In this work, summarily, we propose methods for assessing replicability from GWAMA, reanalyze an ultra-large-scale GWAMA of tobacco and alcohol use phenotype, and identify a number of interesting rare variant associations. The proposed methods and software will benefit future large-scale genetic studies using biobanks.


A motivating example

The MAMBA model was motivated by the observed patterns of outliers from multiple large-scale GWAMA on lipids levels and smoking drinking traits. As a motivating example, we plotted the contributed summary association statistics (i.e. the Z-score statistic) from each participating study (Fig. 1) for a SNP for a Smoking Initiation (SmkInit) phenotype in GSCAN. Under the assumption that the genetic effects are similar in different studies, the magnitude of the Z-score statistic should be approximately proportional to the square root of the sample size. However, as shown in Fig. 1, there is an outlier study that contributes a disproportionally large Z-score, which leads to a significant fixed effect meta-analysisp-value (p = 1 × 10−9). Just as in this example, an outlier from a contributing study may easily dominate the result in a fixed effect meta-analysis, even if a majority of the test statistics follow the null distribution. This insight motivated us to model the effect size estimates from participating studies as a mixture of outliers with inflated variance and normal well-behaved estimates.

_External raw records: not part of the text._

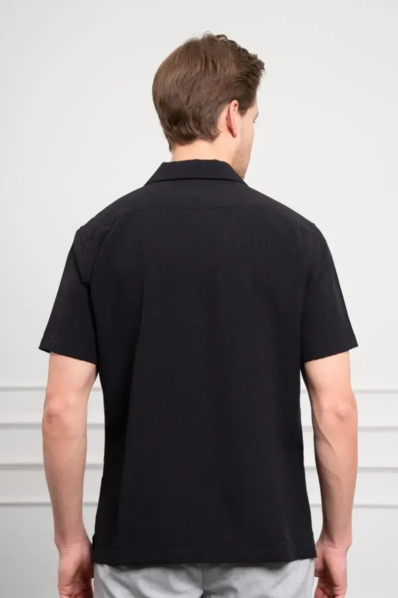 100% Cotton Poplin, Apache Collar, Slim Fit, Short Sleeve, Buttoned, Summer.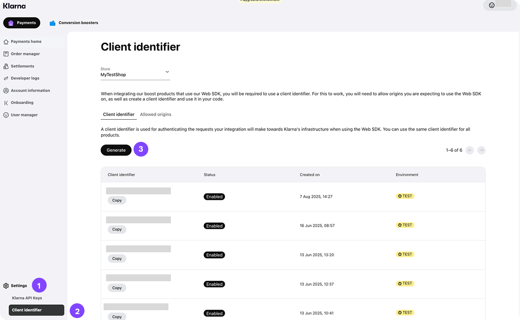 2a. In the Klarna merchant portal, navigate to Settings > Client identifier > Generate. Copy and save the Client Identifier.
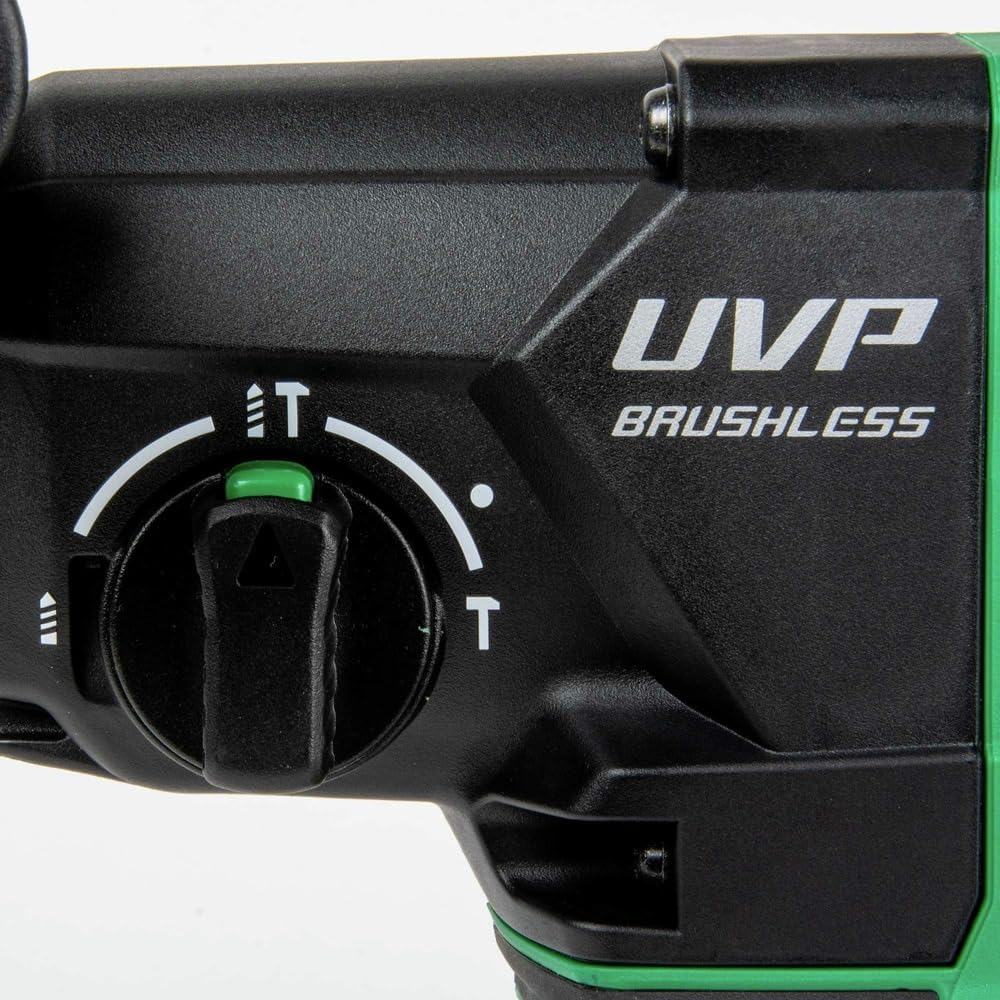 The 36V MultiVolt Brushless 1-1/8″ SDS Plus Rotary Hammer with UVP model – DH3628DAQ4 (tool body only) offers corded performance with the convenience and versatility of a cordless tool. GO all day with less fatigue as its reduced weight design and added User Vibration Protection (UVP) makes drilling easier. Work more efficiently with the auto stop feature that allows for set times when drilling repetitively. Control the power with its two-speed setting functions. Work safely as the Reactive Force Control (RFC) stops the motor before the entire tool jerks if the tool bit is suddenly overburdened during operation. Use the LED level with a built in sensor that will detect the tilt of the tool and indicate when straight for precising drilling. This results in less time and money being spent adjusting skewed anchor bolts or re-drilling anchors. Work cleaner and safer with the optional dust extractor (#379135M). The DH3628DAQ4 36V Brushless Cordless 1-1/8″ SDS Plus Rotary Hammer is part of the expanding MultiVolt system of power tools from Metabo HPT. It accepts any MulitVolt battery for extreme power and runtime and can also accept the unique AC Adapter (ET36A) to plug in for all day runtime, offering ultimate versatility and power on the GO. Also available kitted – model DH3628DA.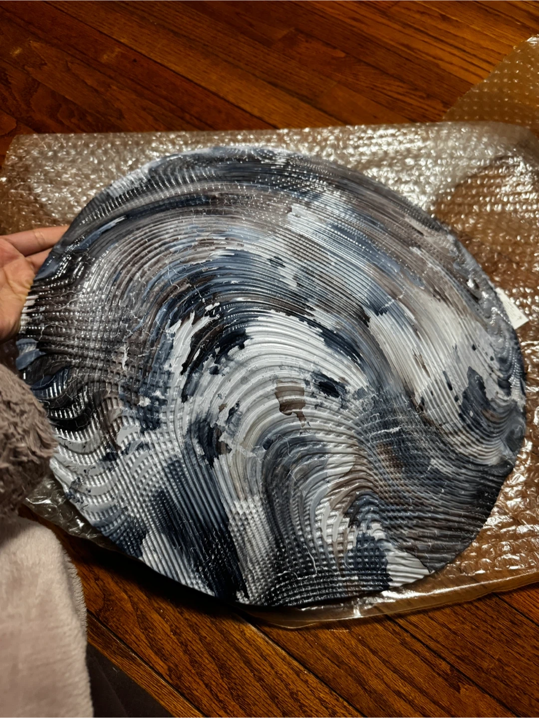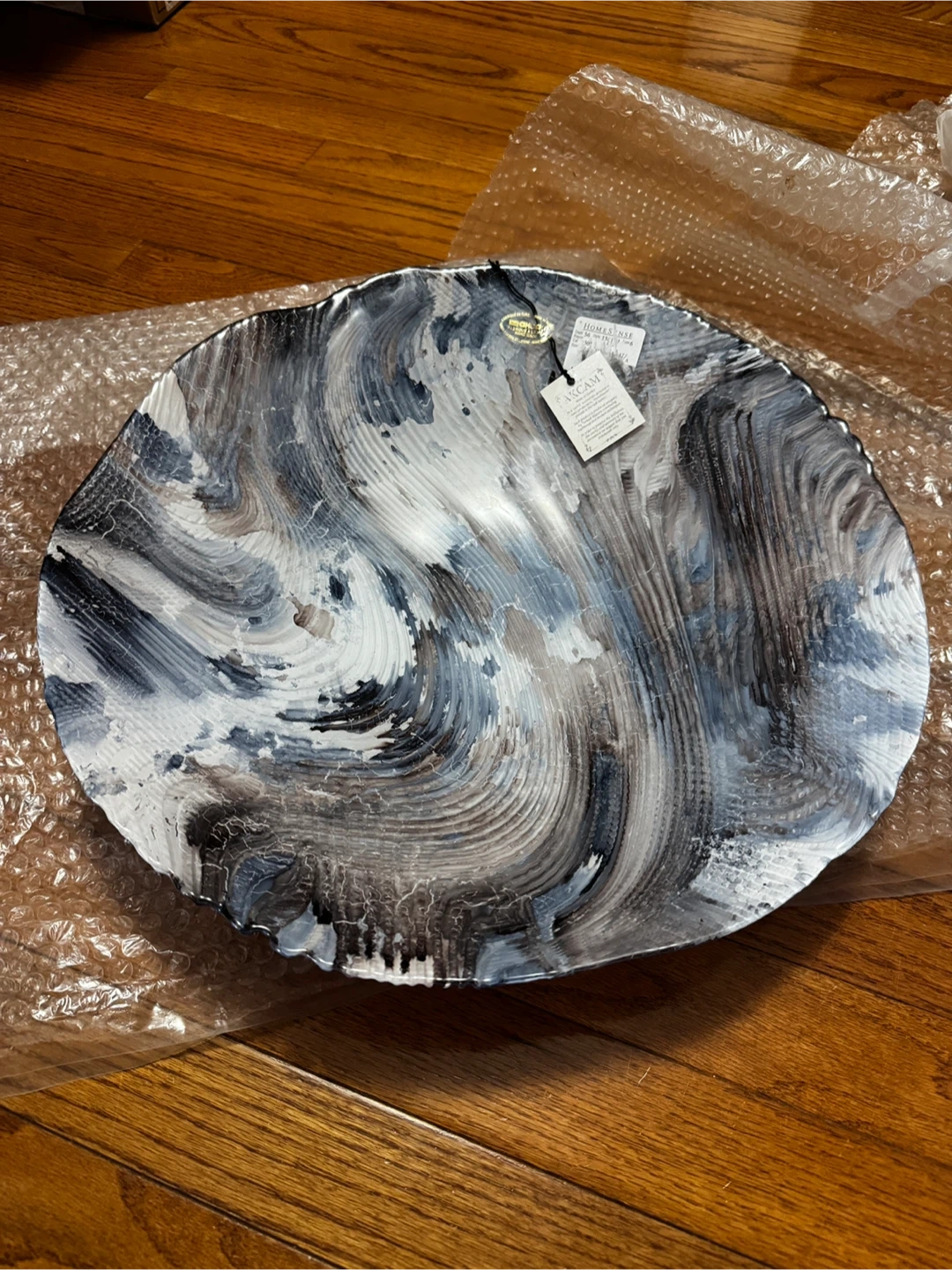 A decorative accent dish with a swirled abstract pattern in grey, white, and black tones. It's made of ceramic and has a unique textured surface. This dish would make a striking centrepiece on a table or shelf. Made it Turkey.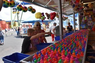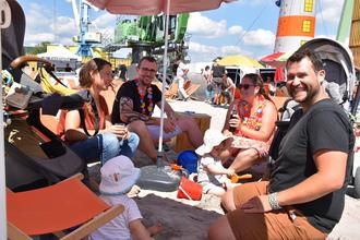 Dafür sorgte etwa die musikalische Unterhaltung durch DJ Stephan Dilly und die Launch-Chilll-Out-Area: In der Nähe des Containerterminals lockten Sand mit Liegestühlen und Sonnenschirmen zum Entspannen. Zudem gab es sehr viele Offerten für jüngere und ältere Kids, angefangen vom Kinderkarussell über Entenangeln und einer Hüpfburg bis hin zum „Bull-Riding“ auf einem Fisch oder einen großen aufblasbaren Leuchtturm zum Bouldern und Klettern.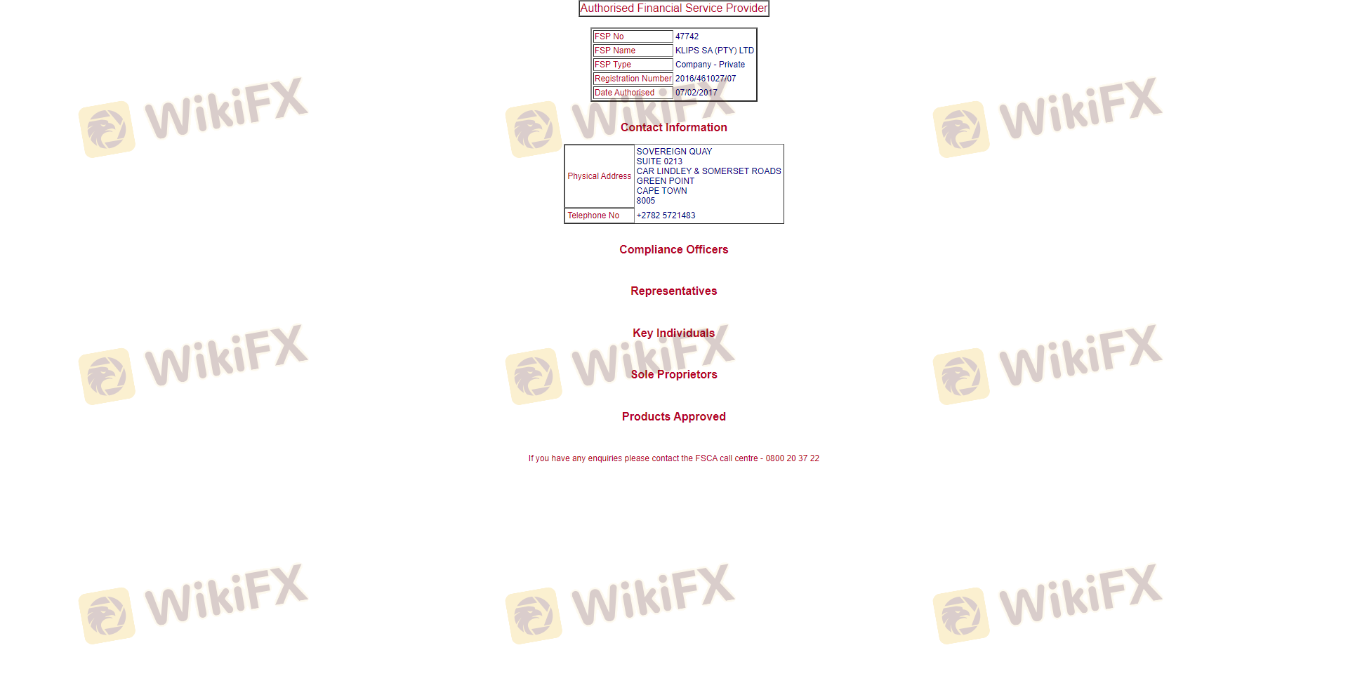 | FSCA | 49937 | Afrika Selatan | Tidak valid |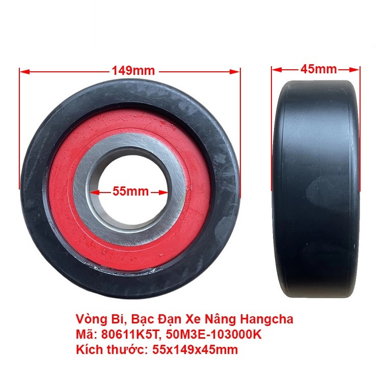 Vòng Bi 80611K5T, 50M3E-103000K, MG55A1-2T có kích thước 55x149x45mm là bạc đạn khung càng xe nâng Hangcha 5-7 tấn. CPCD50/60/70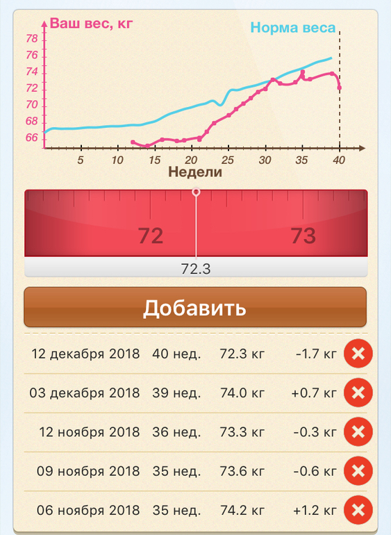 В итоге как была я в 30 недель 72,3, так и сейчас снова 72,3 😄

Fig. 1: Cohort level Z-scores for a genome-wide significant SNP that was identified as non-replicable for a Smoking Initiation (SmkInit) phenotype from GSCAN Consortium.
figure 1

Cross-mark indicates the meta-analysis z-score from a two-sided hypothesis test unadjusted for multiple comparisons. The size of the dot is proportional to the sample size of the cohort. Identified “outlier” summary statistic is marked as orange, which has a disproportionally large Z-score and drives the meta-analysis association results. The purple triangle indicates the MAMBA estimated Z-score, the posterior probability of replicability is 9 × 10−22, very close to 0. Source data are provided as a Source Data file.

Methods overview

MAMBA is a two-level mixture model that takes the genetic effect bj and its standard deviation sj from participating studies as input for a particular SNP j, i.e. \({\boldsymbol{b}}_{\boldsymbol{j}} = ( {b_{j1}, \ldots ,b_{jK}} )\) and \({\boldsymbol{s}}_{\boldsymbol{j}} = ( {s_{j1}, \ldots ,s_{jK}})\). To mathematically describe this model, we define indicator variable Rj ~ Bernoulli (π), with Rj = 1 if the SNP has a real non-zero effect. When the SNP has null effect (i.e. Rj = 0), we further define an indicator variable Ojk ~ Bernoulli (λ) indicating whether the SNP is a spurious association with inflated variation (i.e. Ojk = 1) in study k, or it is a well-behaved null SNP (i.e. Ojk = 0). Conditional on the indicators, the distribution of the genetic effect bjk satisfies

$$\begin{array}{l}p(b_{jk}|\mu _j,R_j = 1)\sim N\big( {\mu _j,s_{jk}^2} \big)\;{\mathrm{with}}\; p\big( {\mu _j|R_j = 1} \big)\sim N\left( {0,\tau ^2} \right)\\ p\big( {b_{jk}|\mu _j = 0,R_j = 0,O_{jk} = 0} \big)\sim N\big( {0,s_{jk}^2} \big)\\ p(b_{jk}|\mu _j = 0,R_j = 0,O_{jk} = 1)\sim N\big( {0,\alpha s_{jk}^2} \big)\end{array}$$

Here a is an inflation factor which captures the extent of inflation in the observed effect sizes for outlier summary statistics (i.e. Rj = 0, Ojk = 1). As a special case, when no outliers exist, conditional on the mean value parameter μj, the MAMBA model reduces to that of a fixed effect meta-analysis21, i.e. \(p(b_{jk}|\mu _j)\sim N( {\mu _j,s_{jk}^2} )\) for all SNPs. As the goal of the model is to identify replicable associations, we do not allow for outliers or model variance inflation when a SNP has real non-zero genetic effect (i.e. the case Rj =1, Ojk = 1 is not considered in our model). To assess the replicability of GWAS loci, we choose the sentinel variant from each locus as input, which is pruned based upon linkage disequilibrium. We assume that the SNPs used in the model are independent, so the likelihood for all SNPs becomes the product of the likelihood of individual SNPs. When it is of interest to estimate the genetic effect sizes of all variants in a locus (and not merely the sentinel variants), we found that fitting the same model using correlated SNPs led to similar improvements as MAMBA in estimating genetic effect size. In this case, the model can be considered as a composite likelihood (MAMBA-est), which takes all SNPs in the identified loci as input. This allows for genome-wide estimates of genetic effect size, which can be used for many downstream analyses. If the primary goal of the analysis is assessing replicability, MAMBA is preferred to MAMBA-est due to its computational convenience. A more detailed comparison of MAMBA and MAMBA-est can be found in “Results”.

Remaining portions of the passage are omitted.